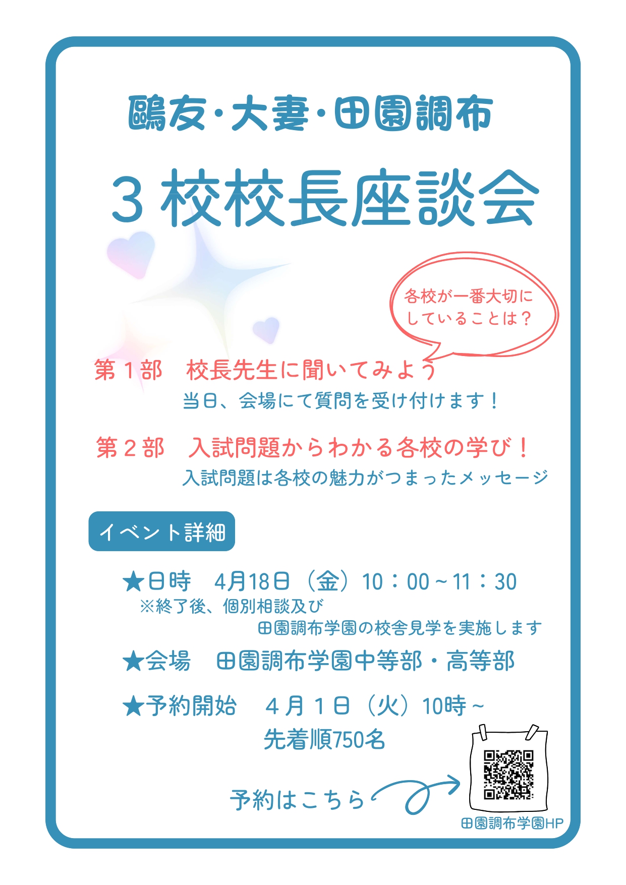 鷗友・大妻・田園調布!三校校長座談会が4/18に開催!
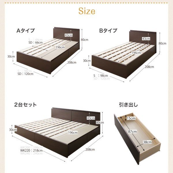 kag-52237 連結ベッド 幅220 キング ワイド 3人 4人 家族 つなげる 2台 分割 ファミリー マットレス付 チェスト 引き出し 高い 床下 収納 全面 棚 携帯 コンセント スマホ
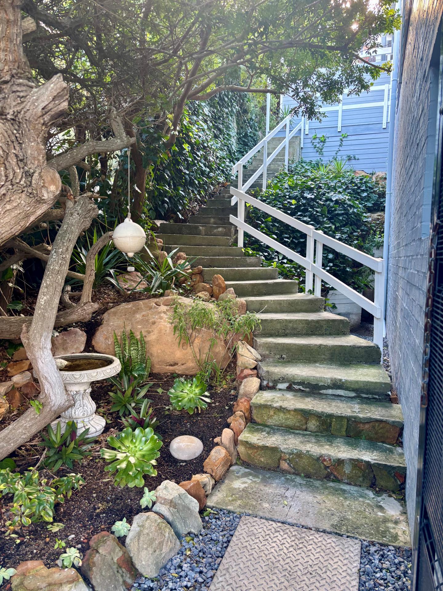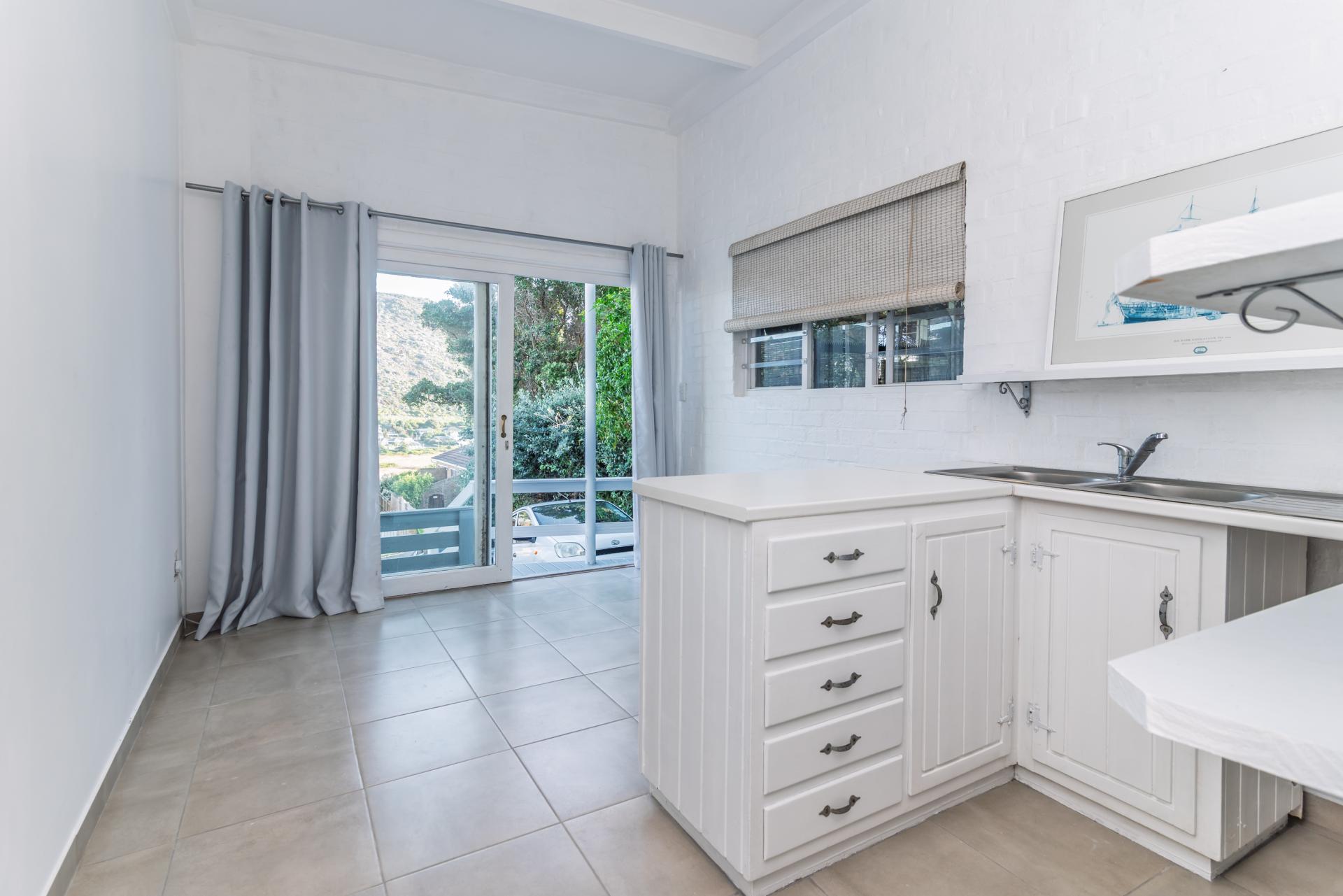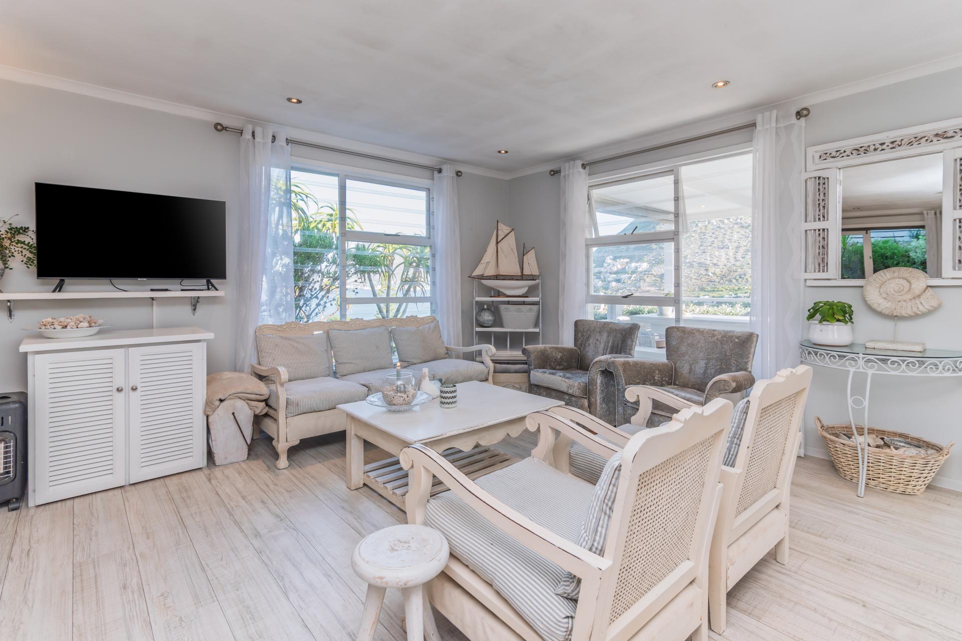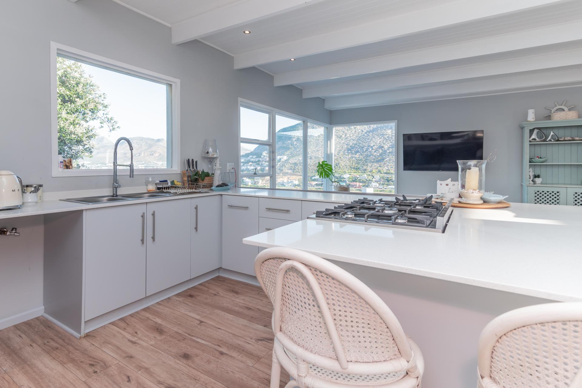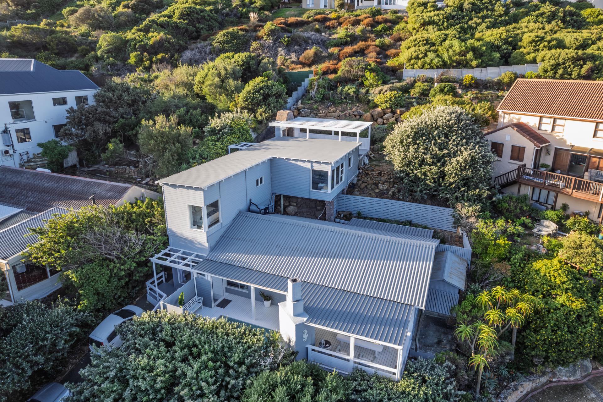 A winding staircase leads you to the front door, upon entering you have a bedroom on either side, both with built in cupboards, a few steps further and you are again greeted by magnificent sea views from the open plan kitchen to the huge corner window in the lounge. A fully fitted kitchen, stone counter tops and stove. A short passage leads you to guest cloakroom, followed by a full family bathroom and master bedroom with lots of cupboards and breathtaking views to wake up to. Sliding doors from the kitchen lead you to a raised wooden deck with a pergola and built-in braai and garden.

════════════════

◆ **Task statement**:
Make an exact copy of the lines from the top of the material through the line with "kag-52237 連結ベッド 幅220", pictures excluded.

◆ **Written solution**:
 鷗友・大妻・田園調布!三校校長座談会が4/18に開催!
 kag-52237 連結ベッド 幅220 キング ワイド 3人 4人 家族 つなげる 2台 分割 ファミリー マットレス付 チェスト 引き出し 高い 床下 収納 全面 棚 携帯 コンセント スマホ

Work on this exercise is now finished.